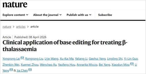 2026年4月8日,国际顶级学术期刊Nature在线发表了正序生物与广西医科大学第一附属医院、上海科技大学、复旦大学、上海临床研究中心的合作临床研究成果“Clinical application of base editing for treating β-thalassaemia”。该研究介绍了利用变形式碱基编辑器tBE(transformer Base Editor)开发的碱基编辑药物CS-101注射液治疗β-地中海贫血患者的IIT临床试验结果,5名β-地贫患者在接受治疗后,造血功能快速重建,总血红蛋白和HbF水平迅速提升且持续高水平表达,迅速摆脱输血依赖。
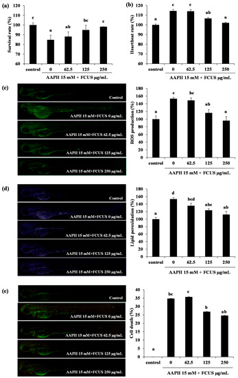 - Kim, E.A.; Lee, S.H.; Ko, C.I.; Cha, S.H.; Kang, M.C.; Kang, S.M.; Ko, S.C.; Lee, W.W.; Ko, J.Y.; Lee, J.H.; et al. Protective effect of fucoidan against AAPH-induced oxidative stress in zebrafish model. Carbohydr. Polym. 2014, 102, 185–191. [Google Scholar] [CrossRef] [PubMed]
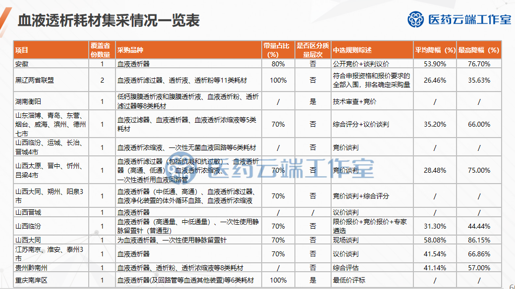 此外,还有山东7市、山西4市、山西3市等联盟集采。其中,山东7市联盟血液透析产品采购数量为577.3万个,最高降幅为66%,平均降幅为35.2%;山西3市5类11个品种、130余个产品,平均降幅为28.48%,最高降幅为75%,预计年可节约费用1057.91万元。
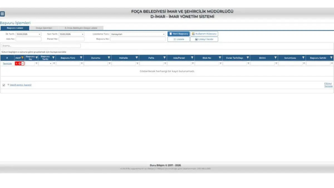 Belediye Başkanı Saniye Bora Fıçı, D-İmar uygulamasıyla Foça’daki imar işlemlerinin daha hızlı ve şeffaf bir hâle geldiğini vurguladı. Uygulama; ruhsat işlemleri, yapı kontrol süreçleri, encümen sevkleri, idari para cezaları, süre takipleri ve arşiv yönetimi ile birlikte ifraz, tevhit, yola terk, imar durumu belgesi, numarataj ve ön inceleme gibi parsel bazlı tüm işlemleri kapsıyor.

◆ **ABOUT THIS TASK**:
Repeat the listing above word for word, omitting the pictures.

◆ **RESPONSE TO THE TASK**:
 2026年4月8日,国际顶级学术期刊Nature在线发表了正序生物与广西医科大学第一附属医院、上海科技大学、复旦大学、上海临床研究中心的合作临床研究成果“Clinical application of base editing for treating β-thalassaemia”。该研究介绍了利用变形式碱基编辑器tBE(transformer Base Editor)开发的碱基编辑药物CS-101注射液治疗β-地中海贫血患者的IIT临床试验结果,5名β-地贫患者在接受治疗后,造血功能快速重建,总血红蛋白和HbF水平迅速提升且持续高水平表达,迅速摆脱输血依赖。
 - Kim, E.A.; Lee, S.H.; Ko, C.I.; Cha, S.H.; Kang, M.C.; Kang, S.M.; Ko, S.C.; Lee, W.W.; Ko, J.Y.; Lee, J.H.; et al. Protective effect of fucoidan against AAPH-induced oxidative stress in zebrafish model. Carbohydr. Polym. 2014, 102, 185–191. [Google Scholar] [CrossRef] [PubMed]
 此外,还有山东7市、山西4市、山西3市等联盟集采。其中,山东7市联盟血液透析产品采购数量为577.3万个,最高降幅为66%,平均降幅为35.2%;山西3市5类11个品种、130余个产品,平均降幅为28.48%,最高降幅为75%,预计年可节约费用1057.91万元。
 Belediye Başkanı Saniye Bora Fıçı, D-İmar uygulamasıyla Foça’daki imar işlemlerinin daha hızlı ve şeffaf bir hâle geldiğini vurguladı. Uygulama; ruhsat işlemleri, yapı kontrol süreçleri, encümen sevkleri, idari para cezaları, süre takipleri ve arşiv yönetimi ile birlikte ifraz, tevhit, yola terk, imar durumu belgesi, numarataj ve ön inceleme gibi parsel bazlı tüm işlemleri kapsıyor.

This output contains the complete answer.